Ognunno dovrebbe pensare a fare bene il proprio mestiere e nella più totale onestà perchè essere psicoterapeuta non vuol dire essere onesti, essere psicologi non vuol dire essere onesti…l’onestà fa parte di noi, l’applicazione nel proprio lavoro ed il continuo aggiornamento professionale NON SONO una caratteristica di tutti i professionisti ma solo di chi cerca di fare al meglio il proprio lavoro qualunque esso sia.
Sono gli utenti a doversi informare su chi e cosa hanno davanti e decidere se quello che stanno per fare fa al caso loro. Sono gli utenti a dover valutare con costanza i risultati ottenuti e gli obiettivi raggiunti grazie alle proprie scelte. Perchè se come leggo in molti articoli l’obiettivo è il benessere della persona è giusto che la persona possa scegliere in base alle proprie necessità, obiettivi e credenze. E gettare fango e combattere su qualsiasi altra persona o professione non solo distoglie dal proprio lavoro ma non fa di certo onore a chi dice di fare il proprio mestiere per gli altri.
Forse mi sono perso un po’ nel discorso ma spero di aver trasmesso il mio pensiero in modo chiaro.
In altri Paesi questi professionisti convivono perché sono pochi!!! Io sono psicoterapeuta: sa quante persone vengono non per la psicoterapia ma per percorsi anche brevi? Almeno la maggioranza. La bufala che il counsellor fa fare percorsi brevi nulla toglie alla sostanza: alla fine la manichea divisione tra psicoterapia=malattia e counsellor=disagio/benessere non tiene. Noi psicoterapeuti ci occupiamo spesso anche del secondo e alla fine della fiera counsellor e psicoterapeuti si fanno concorrenza con i pochi clienti che vi sono in giro. Io preferisco fare in modo che i clienti vengano da me e non vadano da un counsellor sulla base della qualità dell’intervento e sulla preparazione del professionista, e non mi interessa la guerra ai counsellor per vie legali. E’ una perdita di tempo e non ne vale la pena: pochi di loro sono veramente preparati, perché in Italia le ore di formazione in counselling sono troppo poche (in Inghilterra e USA sono molte di più e il percorso è strutturato anche con tirocini molto più probanti e formativi). Per questo investo sulla mia formazione continua, anche se l’Ordine non mi obbliga. Non credo dunque alla divisione che vige in italia malattia vs. benessere. E’ una ridicolaggine a cui non crede nessuno e serve solo al politichese degli attori in campo.

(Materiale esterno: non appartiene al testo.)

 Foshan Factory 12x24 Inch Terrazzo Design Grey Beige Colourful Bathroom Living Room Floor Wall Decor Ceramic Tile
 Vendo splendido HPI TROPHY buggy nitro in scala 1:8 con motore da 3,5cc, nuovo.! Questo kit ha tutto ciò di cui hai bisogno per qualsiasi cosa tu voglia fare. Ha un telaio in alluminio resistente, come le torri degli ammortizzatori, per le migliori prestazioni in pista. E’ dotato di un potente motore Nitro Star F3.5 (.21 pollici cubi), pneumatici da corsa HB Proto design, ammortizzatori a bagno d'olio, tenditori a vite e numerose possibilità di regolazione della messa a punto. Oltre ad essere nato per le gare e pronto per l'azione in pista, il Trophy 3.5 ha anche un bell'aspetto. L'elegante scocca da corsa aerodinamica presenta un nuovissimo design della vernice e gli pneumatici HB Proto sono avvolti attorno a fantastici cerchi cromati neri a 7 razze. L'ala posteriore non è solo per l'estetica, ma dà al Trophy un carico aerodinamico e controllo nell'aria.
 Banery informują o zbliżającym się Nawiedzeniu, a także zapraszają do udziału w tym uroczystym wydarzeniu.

Vorrei segnalare, perché chi può apra il relativo dibattito, altri importanti temi che afferiscono a quello del possibile esercizio abusivo della professione di psicologo e psicoterapeuta. Io sono, oltre che psicologo e psicoterapeuta, anche psicopedagogista. Dalle mie parti è tradizione che logopedisti e psicopedagogisti si occupino di trattamenti riabilitativi di DSA ed altro (linguaggio, ADHD e quant’altro). Addirittura procedono anche alla relativa diagnosi. Per non parlare, poi, di musicoterapisti che esercitano la professione di “musicoterapeuta” senza i relativi titoli. Che fare?

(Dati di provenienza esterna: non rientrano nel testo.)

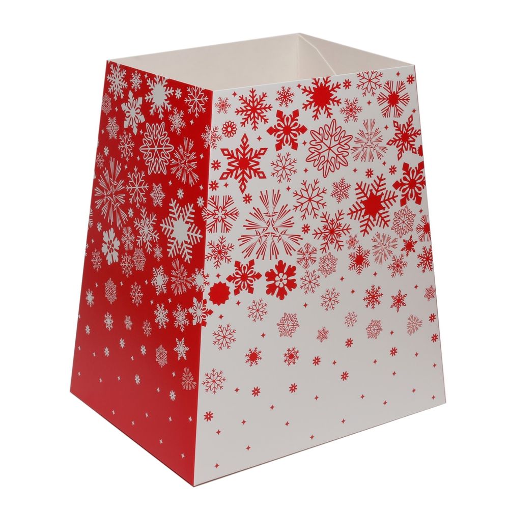 A red & white florist bouquet box with a Christmas style. This box has a traditional snowflake design.

Carissimi tutti… ma perche’ non pensare al benessere del cliente finale che dovrebbe essere a mio umile parere tutto cio’ che conta realmente ?…. Ben vengano Counselors, psicologi, psicoterapeuti e coach. In questa societa’ sempre piu’ malata c’e’ cosi’ tanto bisogno di aiuto e se solo cominciassimo a collaborare e condividere, anziche’ dividere e giudicare forse e dico forse saremmo tutti un pochino piu’ felici.
Buona vita a tutti e magari con meno EGO.